The infrastructure secondaries fundraising sector is currently experiencing a surge in activity, driven by several key factors. Prominent financial institutions are actively raising substantial capital for dedicated infrastructure secondaries funds. This growth isn't limited to fund managers; advisory firms are also expanding their teams in this field to meet the rising demand for expertise.

One significant driver behind this trend is the attractive pricing dynamics in the infrastructure secondaries market, offering LPs the potential for higher valuations when divesting their holdings. Additionally, the ongoing energy transition is influencing deal flow, as different buyers, each with distinct sustainability criteria, enter the market.
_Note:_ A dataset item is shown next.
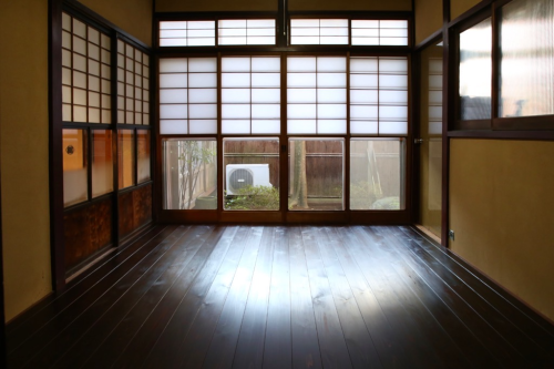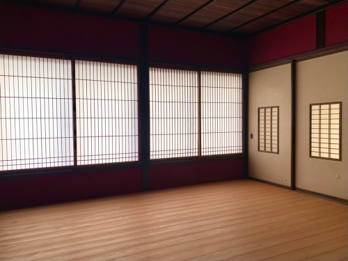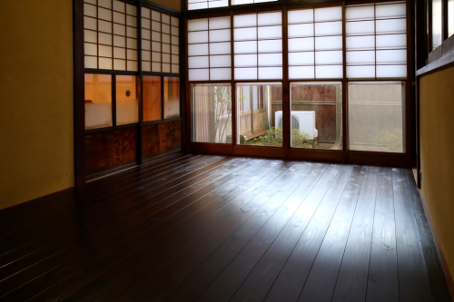 土壁にひびが入り土も落ちていて酷い状態でした。撤去した土壁は軽トラ二杯分で重さが約800キロありました。それに加えて畳が10枚あり。常時、80キロの大人が10人、部屋の中に立っているのと同じだと考えると、柱にかかる負担も軽減できたと思います。床はあすなろの木の綺麗さを見てもらおうとこの部屋だけは漆を塗らずに柿渋だけを2度塗流だけに留めました。この柿渋は柿の実を潰した汁が成分で耐水性があるとのこと。飲み物を零しても染み込み難いそうです。何だか谷崎潤一郎の「陰翳礼讃」の世界です。
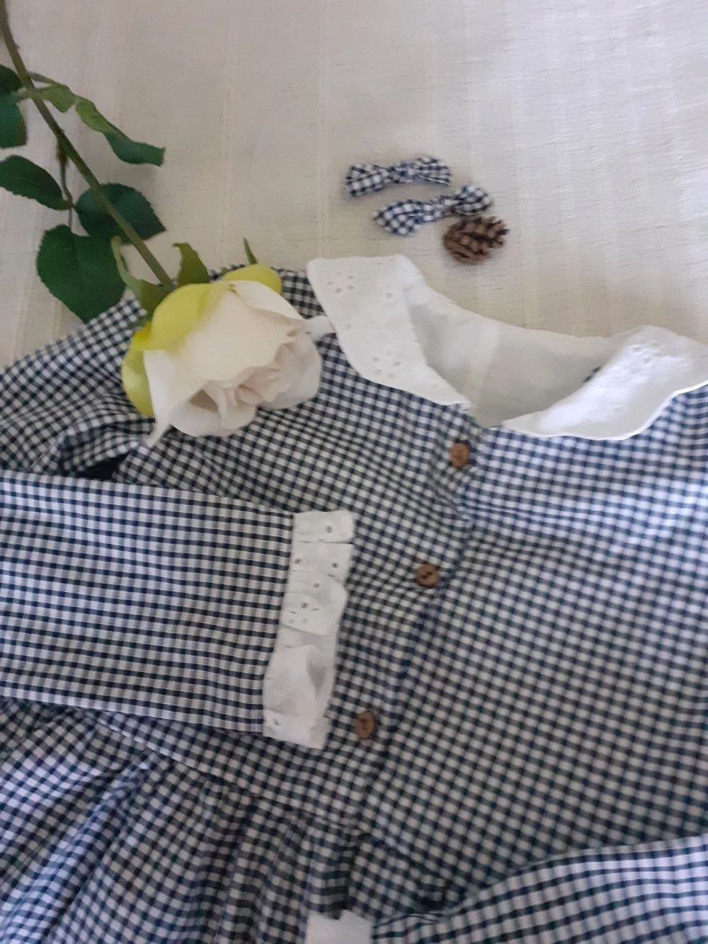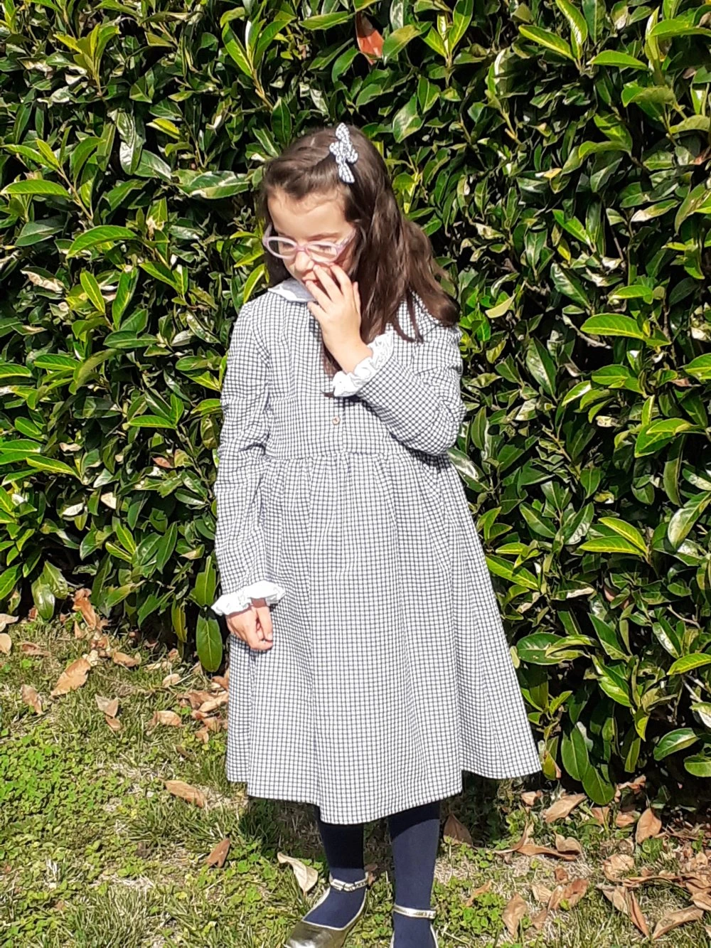 Ravissante petite robe enfant demi-saison en coton vichy bleu marine

In conclusion, the infrastructure secondaries sector is poised for robust growth, with projections indicating significant expansion. This favorable outlook is likely to encourage more financial institutions to explore opportunities in this burgeoning subsector in the coming years, making it an area worth monitoring closely for investors and industry observers alike.

All things considered, this is a subsector that appears set to grow. PJT’s prediction is that infra secondaries will more than double in volume to $30 billion by the end of this decade, while Macquarie estimates there will be between $50 billion and $67 billion of infrastructure secondaries assets under management by 2025. Expect more firms to launch dedicated vehicles in the years to come.